Avoiding lengthy exposition, writer/director Christopher Nolan’s “Dunkirk” is a movie where actions speak louder than words. In putting the audience right into the situations that unfolded during Britain’s daring rescue of 330,000 soldiers from Dunkirk, France’s shoreline in World War II without a lot of dialogue to dull the sensation, Nolan’s film is very much a “director’s movie”- a visceral experience that puts you alongside the protagonists as the events play out. In feeling like you are there, Nolan slowly tightens the tension by placing you squarely into the thick of things as the battle’s inherent danger develops.
In May of 1940, allied soldiers from Britain and France found themselves pushed to the shores of the city of Dunkirk, France by advancing German troops. With leaflets dropped by the Germans taunting them of their being surrounded and to surrender, British troops found themselves stranded at the beaches of Dunkirk and were mockingly made to look at the nearness of their homeland just 26 miles across the English Channel. As Dunkirk’s shoreline made larger British transport ships unable to get close enough to quickly remove the thousands of soldiers from the beachfront, the scarcity of available ships and the slow process of rescuing the remaining soldiers made for an arduous process- with home just out of reach, the English were forced to watch and wait for rescue as German planes sporadically rounded the shore to bomb the beleaguered fighters and extinguish their escape plan.
One of these soldiers is Tommy (Fionn Whitehead), whom Nolan chooses as the character we run alongside as he makes his way toward the beachfront. Running through the war-torn streets of Dunkirk to reach the shore, Tommy aids another soldier named Gibson (Aneurin Barnard) in burying the body of a fallen comrade before the two try to secure their own passage over the Channel by scrambling toward a ship carrying wounded soldiers back to England. However, the Germans have other ideas; the staggered time in the British evacuation plan gives them an opportunity to finish their job of genocide.

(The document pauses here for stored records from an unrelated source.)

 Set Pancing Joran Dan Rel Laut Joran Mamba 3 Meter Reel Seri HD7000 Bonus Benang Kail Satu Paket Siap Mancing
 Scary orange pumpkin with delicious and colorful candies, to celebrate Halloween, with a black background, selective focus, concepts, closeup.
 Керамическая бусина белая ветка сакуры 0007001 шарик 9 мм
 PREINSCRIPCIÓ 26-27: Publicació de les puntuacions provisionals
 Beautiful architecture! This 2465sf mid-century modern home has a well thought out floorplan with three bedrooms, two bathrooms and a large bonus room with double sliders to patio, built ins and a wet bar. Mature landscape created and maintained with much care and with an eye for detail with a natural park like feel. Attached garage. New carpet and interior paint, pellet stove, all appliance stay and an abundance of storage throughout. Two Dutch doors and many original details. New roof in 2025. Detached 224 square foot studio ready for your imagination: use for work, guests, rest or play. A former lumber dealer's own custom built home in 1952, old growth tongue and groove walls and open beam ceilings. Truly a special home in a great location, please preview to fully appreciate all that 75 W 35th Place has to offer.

The highlights in “Dunkirk” come from its quiet. In ‘keeping calm and carrying on,’ we are lulled into watching the purposeful progress of the British as they forge to free their troops by land, sea and air: on land, British Commander Bolton (Kenneth Branaugh) oversees the ships’ arrivals and departures from shore; in the air, English pilot Farrier (Tom Hardy) looks to liquidate advancing Nazi planes; by sea, Mr. Dawson (Mark Rylance) steers his small fishing boat from England to cross the Channel and aid the allies’ return. Just when things quietly begin to right themselves and rescue plans move silently toward being solved, we’re jarred by surprise jolts of sound from unexpected German attacks. In “Dunkirk’s” best moments, Nolan seamlessly transports us between each of these angles- one view from land, sea or air looking toward another in same-time scenarios that allow us to become more enveloped in Nolan’s slowly-tightening chaotic micro chasm. The intimacy that Nolan delivers in “Dunkirk” is what’s most impressive- while this could have been sprawled across the canvas of a large-scale epic, Nolan smartly places the audience in small-scale scenarios for stronger effect.

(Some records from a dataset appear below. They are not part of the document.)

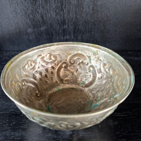 En blomsterpotte / pyntepotte i sølvfarge selges, kjøpt hos floriss , som ny, hentes her
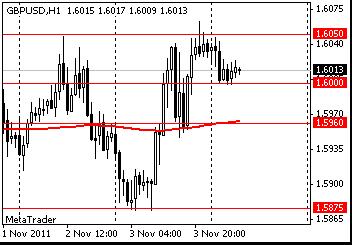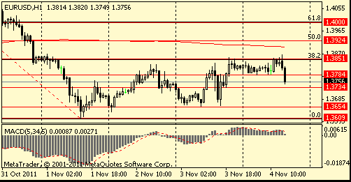 Цены на золото снижаются одновременно с распродажами на фондовых рынках и ростом доллара в связи с неопределенностью ситуации с долговым кризисом в еврозоне. Вышедшая в США макроэкономическая статистика оказала поддержку доллару. Уровень безработицы составил в октябре 9,0%, ожидалось 9,1%, предыдущее значение 9,1%. Занятость в несельскохозяйственном секторе выросла в октябре на 80 тыс, ожидалось повышение на 95 тыс, предыдущее изменение было пересмотрено с +103 тыс до +158 тыс. Средняя почасовая заработная плата выросла в октябре на 0,2%, как и ожидалось, предыдущее изменение было пересмотрено с +0,2% до +0,3%.
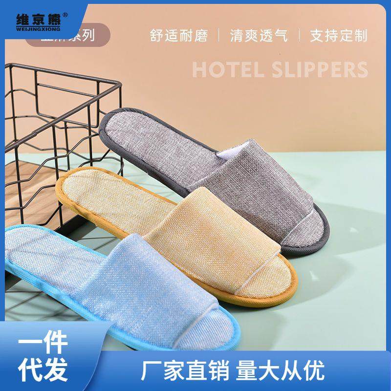 10双装一次性待客拖鞋夏季亚麻加厚居家旅行便携酒店宾馆民宿批聚
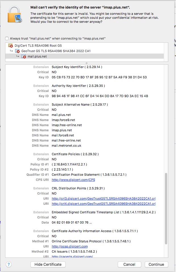 Tried to use my Mac Mail client this morning to be told that "Mail can't verify the identity of the server "imap.plus.net". The certificate for this server is invalid... " etc.
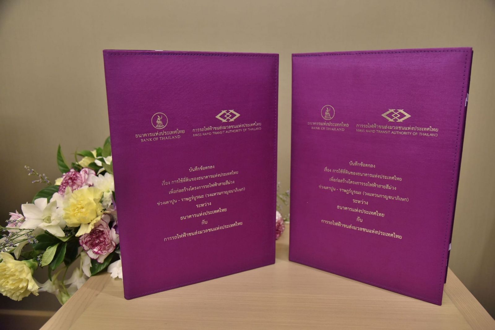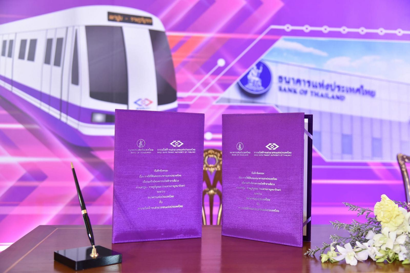 นายภคพงศ์ ศิริกันทรมาศ ผู้ว่าการ รฟม. กล่าวว่า รฟม. ได้ร่วมลงนามบันทึกข้อตกลงกับ ธปท. ว่าด้วยการใช้ที่ดินของ ธปท. เพื่อก่อสร้างโครงการรถไฟฟ้าสายสีม่วง ช่วงเตาปูน – ราษฎร์บูรณะ (วงแหวนกาญจนาภิเษก) โดยเป็นการใช้พื้นที่ของ ธปท. บริเวณริมรั้วด้านสะพานพระรามแปด และด้านถนนสามเสน เพื่อใช้สำหรับการก่อสร้างอุโมงค์ทางเดินไปยังสถานีรถไฟฟ้า และอาคารทางขึ้น – ลง ที่ 4 ของสถานีบางขุนพรหม รวมถึงใช้เป็นอุโมงค์ทางวิ่งรถไฟฟ้าใต้ดินของโครงการรถไฟฟ้าสายสีม่วง ช่วงเตาปูน - ราษฎร์บูรณะ (วงแหวนกาญจนาภิเษก)
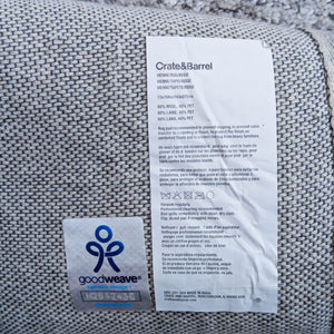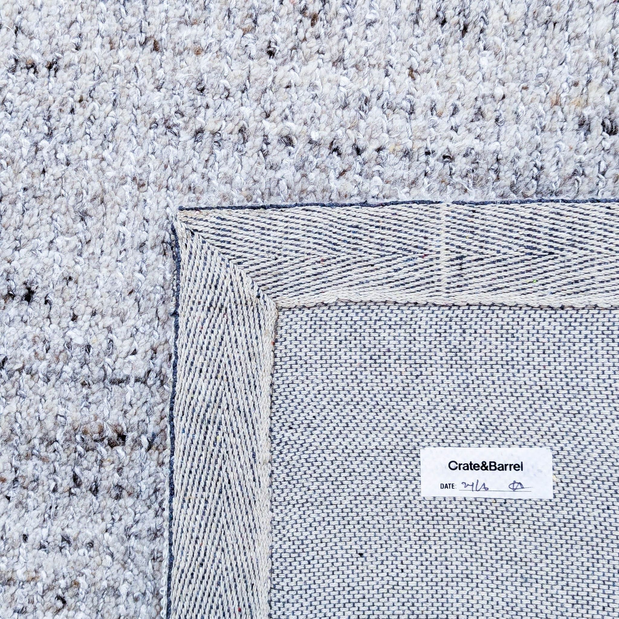 The Vienne area rug is subtly striped in mottled shades of beige with a handwoven dense, looped pile.
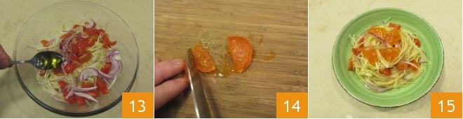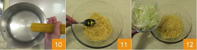 Quand l'eau bout, faites cuire les spaghettis pendant le temps indiqué sur l'emballage 10, à la fin de la cuisson, égouttez les spaghettis dans un saladier, assaisonnez-les avec l'huile d'olive pour éviter que les pâtes ne collent en refroidissant 11 et mélangez, ajoutez ensuite le chou émincé 12,
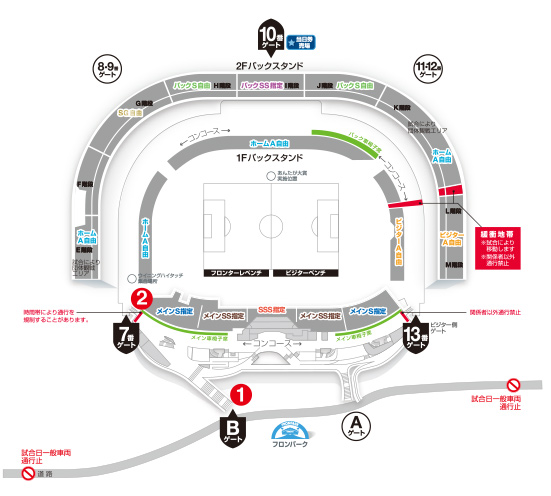 ①Bゲート ※サイド・バックスタンドのチケットをお持ちの方は7番・10番ゲートよりご入場ください。
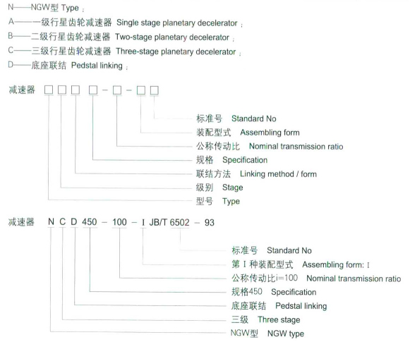 其標(biāo)記符號(hào):Symbol include:type,stage no,linking,form,nominal transmission ratio,assembling form,standard no。
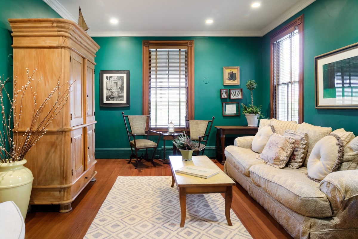 CHECK OUT OUR LOW SEASONAL RATES 50% OFF PEAK SEASON PRICES 6 WINERIES IN UNDER A MILE NO CLEANING FEES NO EXTRA PERSON FEES FREE BIKES FREE BEACH PASSES We're a genuine, licensed B&B. Experience this Insta-ready, newly renovated 1820 farmhouse. Your comfort and relaxation are our goal; designer flourishes are inside and out, filled with unique all-new furnishings. Our Salon features the latest in the arts: sculpture, painting, poetry, readings. Nothing has been overlooked.

While Oscar will certainly call for “Dunkirk” when nominations come out next year, it’s in Nolan’s skillful direction of intimate first-hand views amidst the chaos from various vantage points that should hold sway: they’re the likes of which I haven’t seen since Spielberg put us alongside the prisoners in “Schindler’s List’s” showers or the soldiers during “Saving Private Ryan’s” Normandy Beach bombings. Add to it the most stunning war sound effects I’ve heard since “Apocalypse Now” and a score from Hans Zimmer that sets the tone for “Dunkirk’s” pressurized race against time against approaching imminent danger (like John Williams’ score for “Jaws”) and you’ve got some of the best cinematic work you’ll see this year (of course, each of the films I’ve referenced are Oscar winners in their respective categories so you know where I’m leaning).
In capturing the chaos at Dunkirk that concluded with Winston Churchill calling its resolution a “miracle,” Christopher Nolan has created his own cinematic miracle. By displaying the resiliency and resourcefulness of the human spirit, “Dunkirk” is a knockout that stands as a testament to heroism in the most harrowing of times.